Question

How to use TopGO with gene symbols extracted from Illumina probes

1

Entering edit mode

Ahdee ▴ 50

@ahdee-8938

Last seen 18 months ago

United States

Hi all, I have a named vector with gene symbols and p-value extracted previously from an Illumina microarray; I'm wondering how to create the topgo object with the proper annotation call; so far I have something like this.

glist <- ko_pk[,4] # this are p-values
names(glist) <- row.names(ko_pk)

sum(topDiffGenes(glist))

sampleGOdata <- new("topGOdata",
description = "Simple session", ontology = "BP",
allGenes = glist, geneSel = topDiffGenes,
nodeSize = 10,
?? annot = annFUN.org, ??)

thanks in advance.

Ahdee

topgo • 2.3k views

ADD COMMENT • link updated 8.5 years ago by James W. MacDonald 65k • written 8.5 years ago by Ahdee ▴ 50

score 2 · Answer 1 · 2015-10-09

You are making things more difficult for yourself. Rather than coming up with a vector of p-values with HUGO gene symbols as the names, you should be using the Illumina IDs as names, and using annFUN.db, just like in the vignette. That way you can just follow along with code that makes sense.

You could use the vector you have, but the help page for annFUN.org() is, like, not very helpful. So I can show you how to use your vector, but without saying how or why I know that you should be doing this.
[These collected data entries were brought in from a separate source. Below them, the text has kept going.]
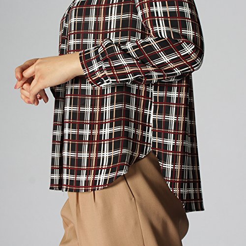 -. Title : (アンタイトル) UNTITLED [L]〔洗える〕チェックVネック七分袖ブラウス 15383913
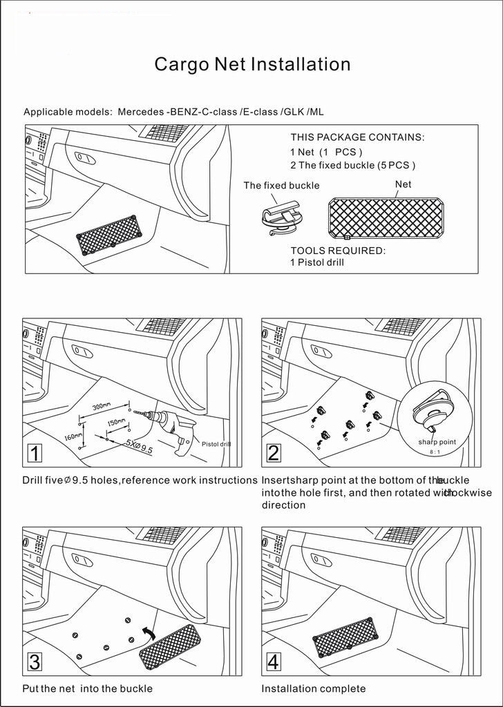 由于网兜安装的位置不尽相同,不同的车材料也不一样,购买前必须自行确认可以正常安装和使用。
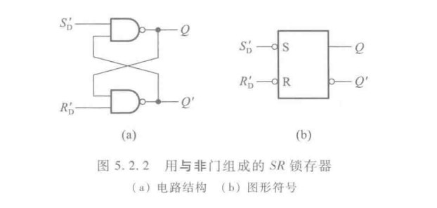 - 与非门构成的基本S`R`锁存器:将或非门替换为与非门,此时输入信号S`和R`以逻辑0为有效作用信号
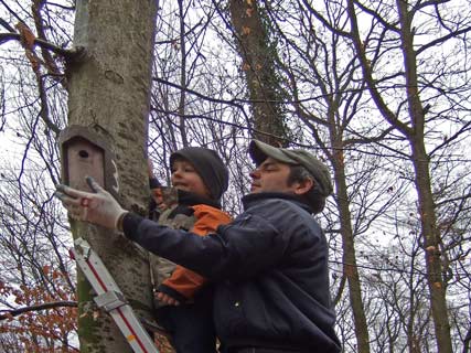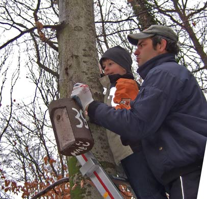 Thomas Schaller und Max hängen den geputzten Nistkasten wieder auf. | So hängt er wieder richtig: An solch dünnen Bäumen kann er noch viele Jahre hängen |
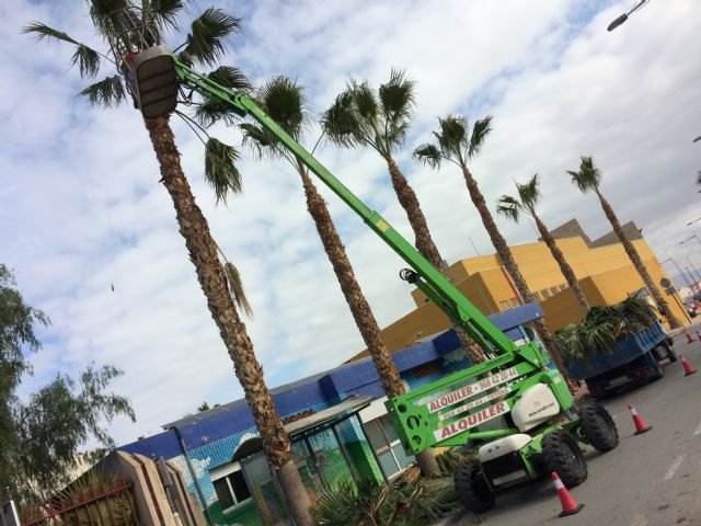 Operarios de la Concejalía de Servicios a la Ciudad e Infraestructuras están procediendo durante estos días a los trabajos de poda y mantenimiento de la población de palmeras en las vías públicas y en los parques y jardines de Totana.
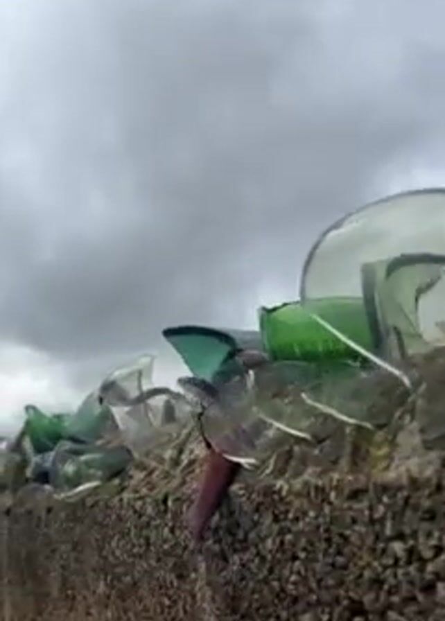 close-up view of the top of a concrete wall, which is decorated with pieces of broken glass

I will use the data from the vignette as an example.

## load stuff

> library(topGO)
> data(geneList)
> library(hgu95av2.db)

## we need a vector like yours, so do some stuff
> z <- select(hgu95av2.db, names(geneList), "SYMBOL")
'select()' returned 1:many mapping between keys and columns
> z <- z[!duplicated(z[,1]),]
> geneList2 <- geneList
> names(geneList2) <- z[,2]

## the original geneList
> head(geneList)
1095_s_at   1130_at   1196_at 1329_s_at 1340_s_at 1342_g_at
1.0000000 1.0000000 0.6223795 0.5412240 1.0000000 1.0000000

## something similar to what you have
> head(geneList2)
      HGF    MAP2K1      RCC1     TERF1       HGF     TERF1
1.0000000 1.0000000 0.6223795 0.5412240 1.0000000 1.0000000
> sampleGOdata <- new("topGOdata", description = "whatevs",ontology = "BP", allGenes = geneList2, geneSel = topDiffGenes, nodeSize = 10, annot = annFUN.org, ID = "alias", mapping = "org.Hs.eg")

Building most specific GOs .....    ( 1566 GO terms found. )

Build GO DAG topology ..........    ( 4215 GO terms and 9916 relations. )

Annotating nodes ...............    ( 225 genes annotated to the GO terms. )

> resultFisher <- runTest(sampleGOdata, "classic","fisher")

             -- Classic Algorithm --

         the algorithm is scoring 776 nontrivial nodes
         parameters:
             test statistic:  fisher
> resultFisher

Description: whatevs
Ontology: BP
'classic' algorithm with the 'fisher' test
797 GO terms scored: 11 terms with p < 0.01
Annotation data:
    Annotated genes: 310
    Significant genes: 46
    Min. no. of genes annotated to a GO: 10
    Nontrivial nodes: 776

Note that I get fewer GO terms this way (compare to the results on page 4 of the vignette), which is probably because gene symbols are really not useful for most data analysis. If you want to do things 'the right way', you will instead rely on actual IDs like the Illumina IDs, or Entrez Gene or Ensembl IDs, which are more likely to be unique.